→ **Information given**
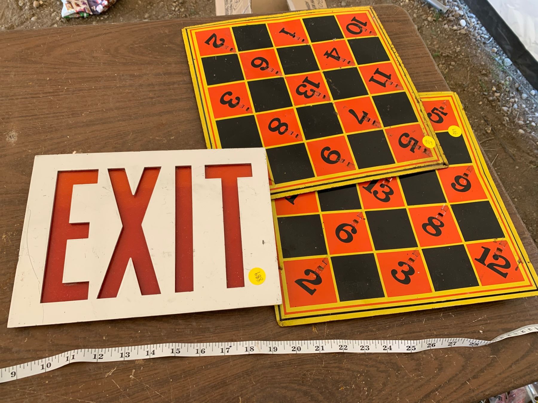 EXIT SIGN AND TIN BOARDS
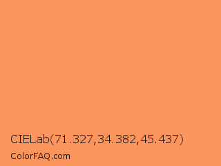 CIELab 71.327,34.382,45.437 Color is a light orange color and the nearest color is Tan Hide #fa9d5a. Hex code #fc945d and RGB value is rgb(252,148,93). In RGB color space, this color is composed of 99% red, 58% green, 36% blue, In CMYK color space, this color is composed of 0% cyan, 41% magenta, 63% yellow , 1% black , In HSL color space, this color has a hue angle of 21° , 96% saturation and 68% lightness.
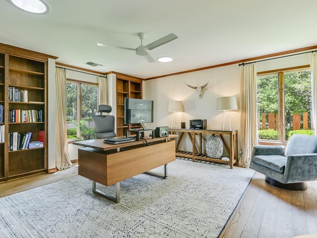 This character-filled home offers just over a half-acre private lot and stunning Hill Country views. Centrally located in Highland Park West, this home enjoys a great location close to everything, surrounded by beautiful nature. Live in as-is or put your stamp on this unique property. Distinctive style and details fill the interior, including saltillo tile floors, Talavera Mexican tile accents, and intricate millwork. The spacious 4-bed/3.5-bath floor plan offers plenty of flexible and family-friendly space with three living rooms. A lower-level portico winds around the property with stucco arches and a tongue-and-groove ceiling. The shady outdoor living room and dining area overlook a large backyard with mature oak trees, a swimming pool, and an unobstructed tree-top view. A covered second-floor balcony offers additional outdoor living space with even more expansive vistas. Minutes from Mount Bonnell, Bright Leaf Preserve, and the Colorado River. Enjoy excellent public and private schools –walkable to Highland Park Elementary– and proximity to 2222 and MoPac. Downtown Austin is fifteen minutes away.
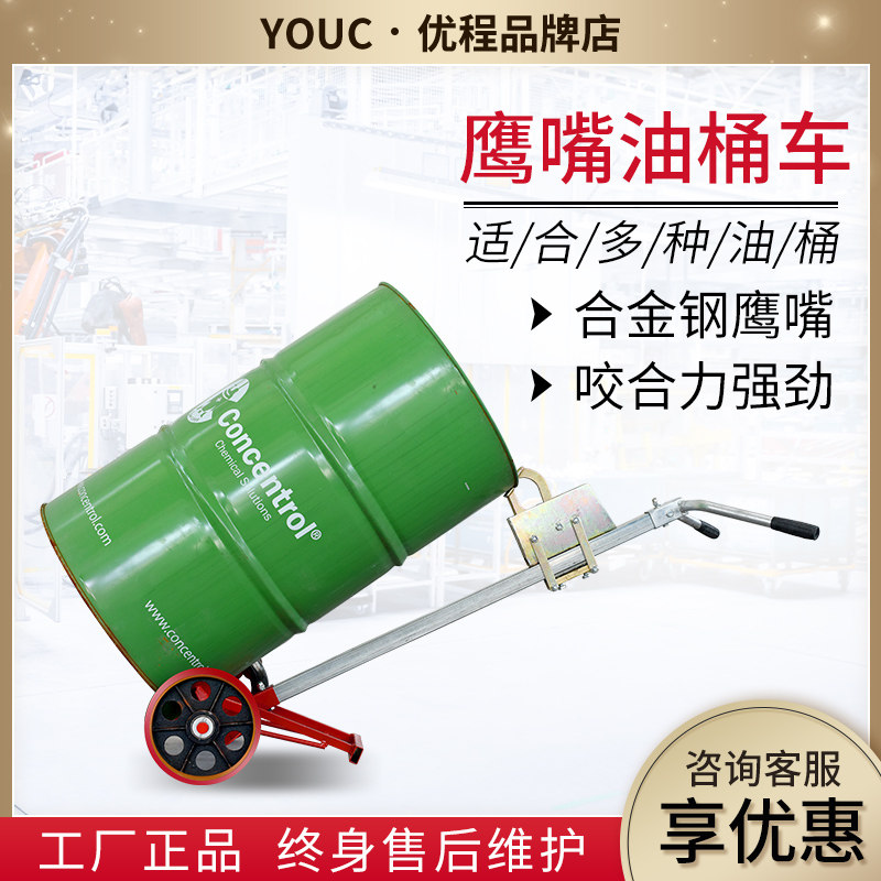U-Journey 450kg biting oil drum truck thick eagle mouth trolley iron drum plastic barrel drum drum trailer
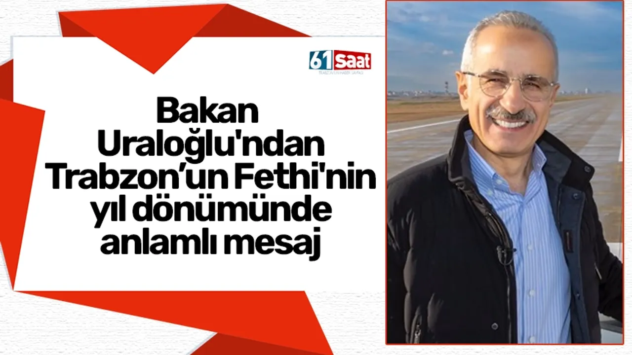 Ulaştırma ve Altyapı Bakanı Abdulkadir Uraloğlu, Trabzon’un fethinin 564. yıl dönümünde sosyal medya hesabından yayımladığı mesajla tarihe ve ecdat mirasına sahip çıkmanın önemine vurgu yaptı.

==

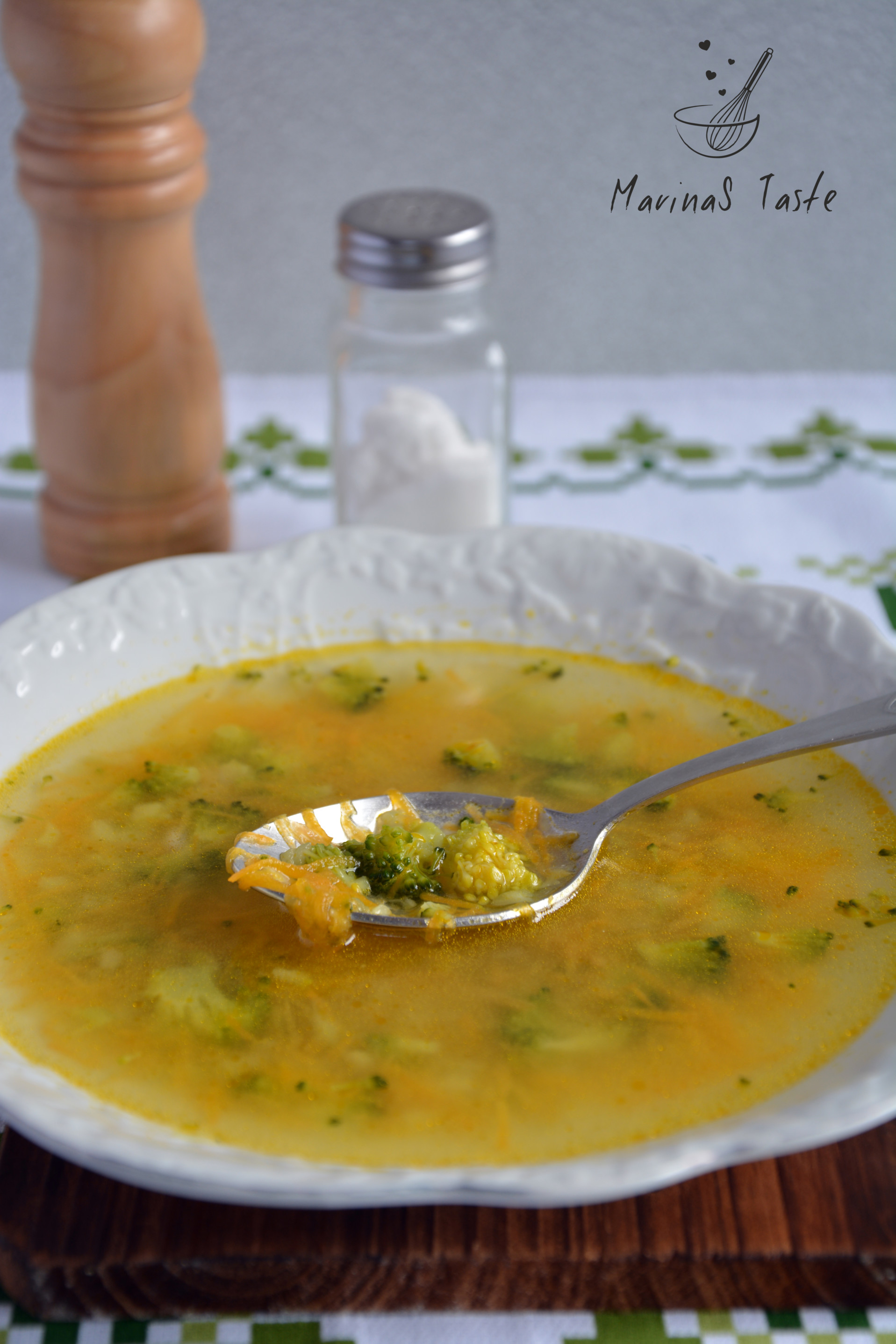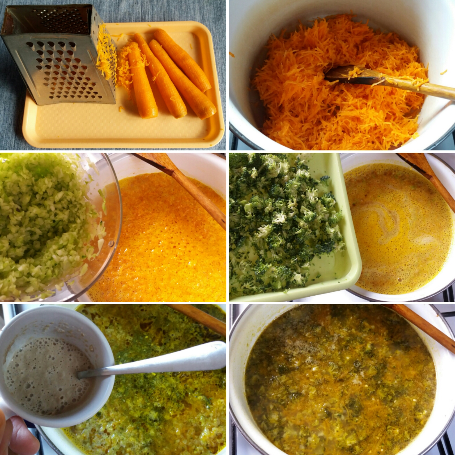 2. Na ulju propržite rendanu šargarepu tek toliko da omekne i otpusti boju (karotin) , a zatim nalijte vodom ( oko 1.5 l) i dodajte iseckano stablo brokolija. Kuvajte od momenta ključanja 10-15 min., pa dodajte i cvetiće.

→ **What is required**
With the pictures removed from your copy, retype the lines above from the one that contains "EXIT SIGN AND TIN BOARDS" through the one that contains "CIELab 71.327,34.382,45.437 Color", exactly.

→ **Finished task**
 EXIT SIGN AND TIN BOARDS
 CIELab 71.327,34.382,45.437 Color is a light orange color and the nearest color is Tan Hide #fa9d5a. Hex code #fc945d and RGB value is rgb(252,148,93). In RGB color space, this color is composed of 99% red, 58% green, 36% blue, In CMYK color space, this color is composed of 0% cyan, 41% magenta, 63% yellow , 1% black , In HSL color space, this color has a hue angle of 21° , 96% saturation and 68% lightness.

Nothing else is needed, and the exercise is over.